Existe uma grande diferença entre um cliente satisfeito e um impressionado, entre o hóspede que diz “ok” e o que diz “uau”.

Estamos vivendo uma era de concorrência acirrada, onde os serviços cada vez mais se parecem sob o ponto de vista funcional e qualitativo. A idéia de que preço e qualidade são os únicos quesitos considerados importantes na compra, parte da premissa de que o consumidor é um “homo economicus”, que toma suas decisões de maneira racional. E isso não é verdade – menos ainda na atividade turística, por si só cercada de um componente lúdico que vai além da racionalidade. As pessoas estão em busca de menos rotina, querendo mais celebrações e surpresas, se dispondo a pagar para experimentar novas sensações.

Estamos vivendo a era da experiência, e as empresas precisam se adaptar a isso. É o que propõe a Gestão da Experiência do Cliente, um conceito que tem como foco o profundo conhecimento do comportamento do consumidor, do lado racional e emocional, desenvolvendo com ele uma relação harmônica, onde a fidelidade e o lucro são consequências naturais.

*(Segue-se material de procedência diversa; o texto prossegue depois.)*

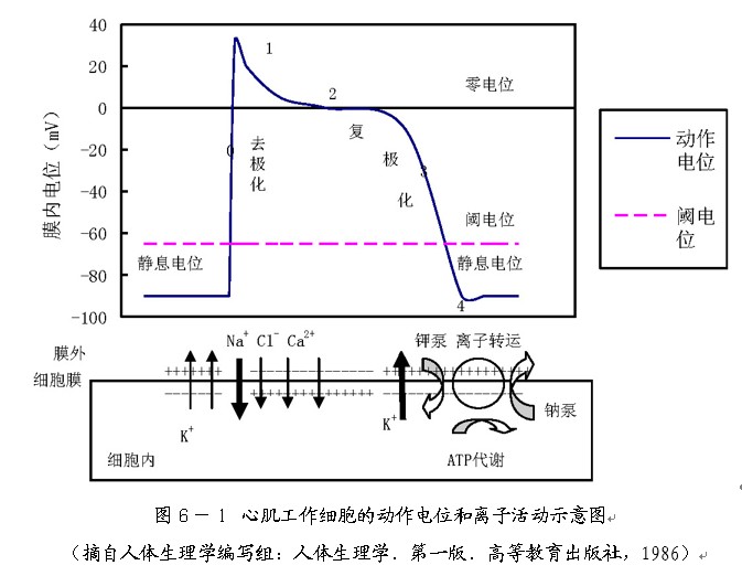 在上圖中,去極化(0期),心肌細(xì)胞受刺激后,靜息電位到達閾電位時,迅速激活鈉通道,使其開放,造成大量鈉離子內(nèi)流,動作電位迅速升高,鈉通道又迅速失活關(guān)閉;快速復(fù)極化初期(1期),鈉離子內(nèi)流停止,氯離子通透性升高,氯離子內(nèi)流,氯離子通道通透性也迅速下降;緩慢復(fù)極化期(2期),鈣離子緩慢內(nèi)流,與此同時,少量鉀離子外流,鈣離子通道的激活和失活過程均緩慢,故稱慢通道;快速復(fù)極化末期(3期),鉀離子外流;靜息期(4期),此期離子轉(zhuǎn)運活躍,即把動作電位形成期間流入膜內(nèi)的鈉離子,氯離子,鈣離子排出,又把外流的鉀離子攝回,這一過程通過心肌細(xì)胞膜上的Na+-K+泵的作用完成的,需要消耗ATP的生理過程。(本小節(jié)內(nèi)容摘自人體生理學(xué)編寫組:人體生理學(xué).第一版.高等教育出版社,1986)

É comum vermos as empresas investirem em reestruturação, downsizing, terceirização, rightsizing, benchmarking, empowerment, governança corporativa, etc… São conceitos importantes, mas não únicos. A relação com o cliente também deve ser objeto de atenção, pois ele é a fonte de receita. As empresas devem entender a estrutura emocional das pessoas para saber como estimulálas. Deve mapear todos os pontos de contato, entendendo que o serviço faz parte de um processo de interação. Ainda mais no turismo, pelo seu caráter multifacetado.

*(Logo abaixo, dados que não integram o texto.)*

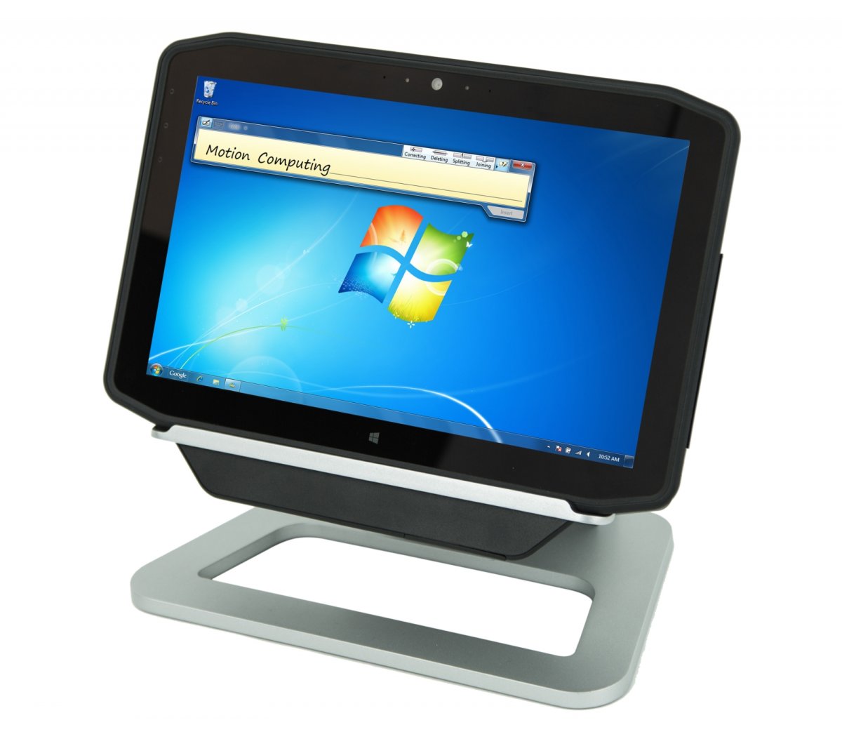 Tablet został pokryty czarną gumą tak by jak najlepiej chodnic jego wnętrze. Bogaty zestaw akcesoriów takich jak rysik, klawiatura, uchwyty biurowe sprawiają, że sprawdzi się zarówno w warunkach biurowych jak i poza nimi w terenie.

Uma forma para entendermos a Gestão da Experiência é olharmos a empresa como um teatro. Shakespeare dizia que “o mundo inteiro é um palco e as pessoas são atores que desempenham muitos papéis em sua existência”. Nesta analogia, a empresa é um palco, os funcionários desempenham papéis, os processos tornam-se scripts, o cliente é um convidado, e a estratégia vira um enredo. A Gestão da Experiência visa a criação de um enredo original para a marca, transformando a relação entre empresas e consumidores em um processo legítimo, gerando experiências pessoais, emocionais, físicas, intelectuais e espirituais e, por isso mesmo, inesquecíveis.

E como fica o profissional de hotelaria no meio disto? Fica muito bem, pois as portas que a era da experiência abre para esses profissionais são enormes. Não apenas pelo crescimento sólido e constante da indústria do turismo – taxa média de quase 5% ao ano desde 1975 – mas porque mais de metade das viagens feitas são para lazer, ou seja, as pessoas estão querendo mais aventura, mais diversão, mais sonhos realizados. E estes desejos não estão limitados às viagens. A busca por experiências inesquecíveis, pelo tratamento diferenciado, pela sensação de ser bem recebido é feita no dia-a-dia, nos hotéis e resorts, e também nos restaurantes, bares, shoppings, academias, supermercados, escolas, etc…

As empresas devem criar diferenciais que proporcionem aos clientes experiências que vão além do que é apenas correto e oferecido por muitos. Esta é a grande oportunidade para o profissional da hotelaria, porque receber bem, proporcionar conforto e transformar minutos ou estadias em momentos de prazer faz parte do dna da hospitalidade. Por isso, podemos afirmar que esta é a melhor hora para desenvolvermos enredos que estimulem ainda mais a nossa indústria de hospitalidade, gerando divisas, empregos e, conseqüentemente, desenvolvimento. Mais do que nunca é verdade o velho grito dos artistas: “It’s
showtime”.

*Marcelo Chiavone Pontes é doutorando em Marketing pela FEA/USP, Professor da ESPM, sócio-diretor da Brand Leader Comunicação e Marketing, e consultor
da área de hotelaria do Senac São Paulo.